Türkiye, son yıllarda sendikal örgütlenmenin fiilen engellendiği, grev yasaklarının olağanlaştığı bir ülke haline geldi. Son yıllarda başlatılan neredeyse her grev “milli güvenlik” ya da “kamu sağlığı” gerekçesiyle yasaklandı. Grev hakkı olmayan bir ülkede toplu pazarlık bir anlam ifade etmez. Dahası, sendikal barajlar bugün işçilerin örgütlenme hakkını fiilen ortadan kaldıran bir işlev görüyor. Uzun yıllardır işçi örgütlenmelerinin önünde bir duvar gibi yükselen antidemokratik baraj sistemiyle, işçilerin büyük kısmı fiilen toplu sözleşme hakkından mahrum bırakılıyor. Bu nedenle “barajsız sendika, yasaksız grev ve güvenceli iş” talebi, 1 Mayıs ve sonrasında yürütülecek mücadele açısından sadece bir slogan değil, işçi sınıfının öncelikli talebi olarak yer almak zorunda.

Bu yıl 1 Mayıs’a katılmak, sefalet ücretlerine, güvencesizliğe, sendikasızlığa, seçme ve seçilme hakkı başta olmak üzere hak gasplarına ve iktidarın siyasal baskılarına karşı bir direniş iradesi ortaya koymak anlamına gelecek. 1 Mayıs’ta ülkenin her yerinde ekonomik ve siyasal taleplerle alanlara çıkmak, sermayeye ve onun sözcüsü iktidara örgütlü emeğin tarihsel gücünü yeniden hatırlatmak, ekonomik-siyasal karakterli saldırılar artarken meydanın boş olmadığını göstermek gerekiyor.

İktidarın yarattığı korku ikliminin dağılmaya başladığı böylesine önemli bir dönemde 1 Mayıs emeğin yeniden ayağa kalktığı, umudun büyütüldüğü yeni bir mücadele döneminin görkemli bir başlangıcı olmalıdır.
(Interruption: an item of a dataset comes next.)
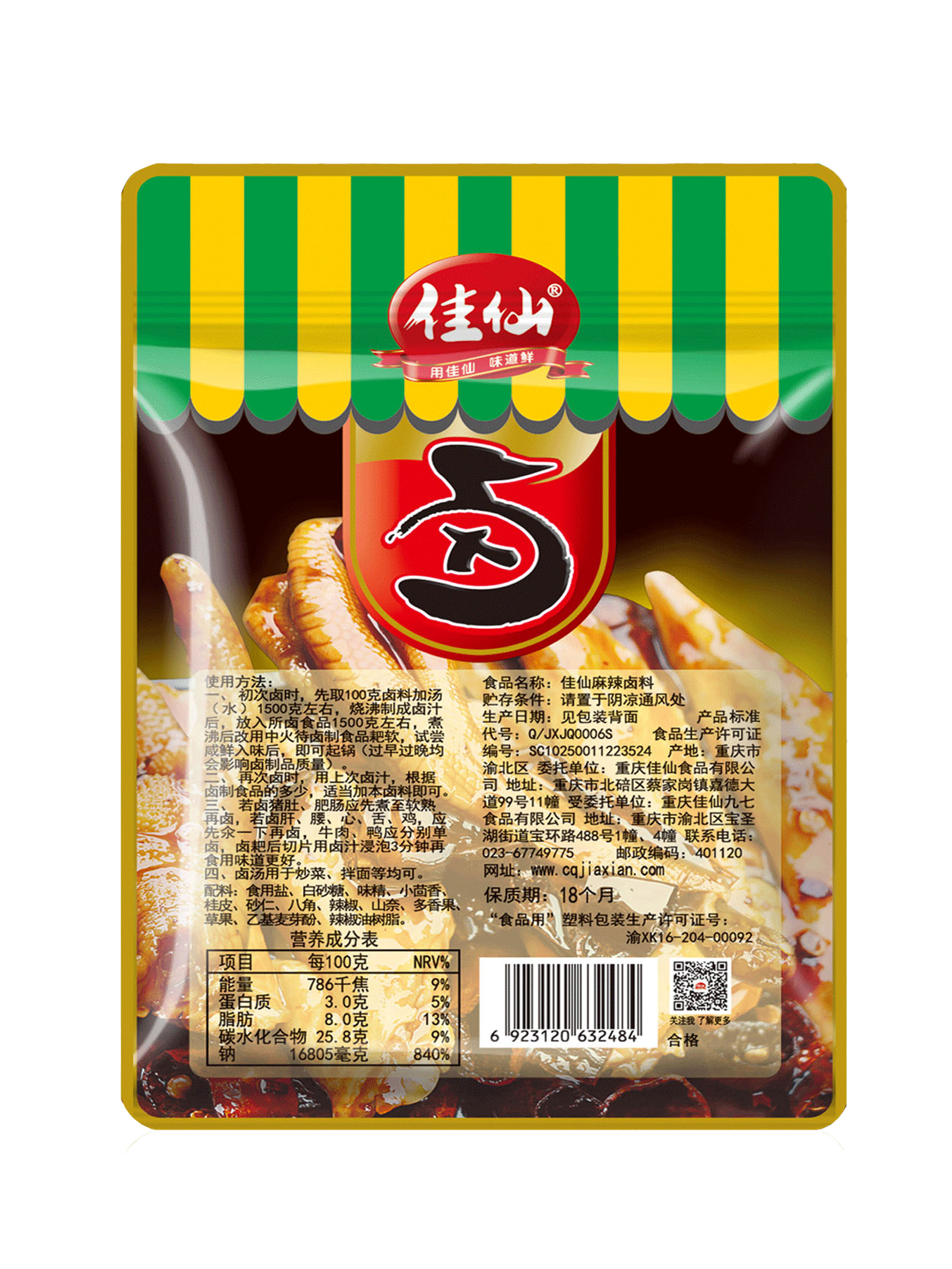 佳仙麻辣鹵料花椒、辣椒、桂皮、茴香、肉蔻、八角等十多味香辛料細致配比;麻辣鮮香,味道更豐富;碾碎炒香后細細研磨成粉,濃郁辛香能更滲透食材,鹵后更入味;加水即鹵,廚房小白也能輕松上手;適用于于鹵雞爪、鹵鵝、鹵雞、鹵排骨等。
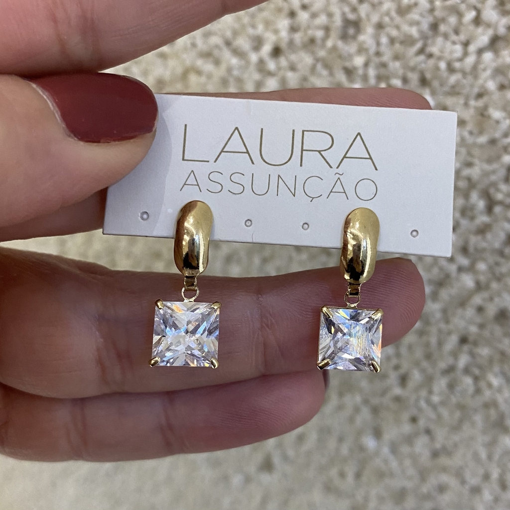 Brinco possui 2 cm de comprimento, zircônia mede 8x8 mm.

Bunun için sendikalar ve emek örgütleri başta olmak üzere, her kesimin 1 Mayıs’ın kitlesel, yaygın ve güçlü olması için çalışması gerekiyor.

İşçi sınıfının evrensel anlamda birlik, mücadele ve dayanışma günü olan 1 Mayıs, ilk kutlandığı 1890 yılından bu yana işçi sınıfı tarihinin en önemli ve en özel günü olmayı sürdürüyor. Bu nedenle bu 1 Mayıs, takvimde sırası geldiği için değil; işçi ve emekçilerin en geniş kesimlerinin ortak talepler etrafında birleşmesi ve sürekli şikayet edilen bu düzeni değiştirmek için ileriye doğru atılacak bir adım olarak görülmesi önemli.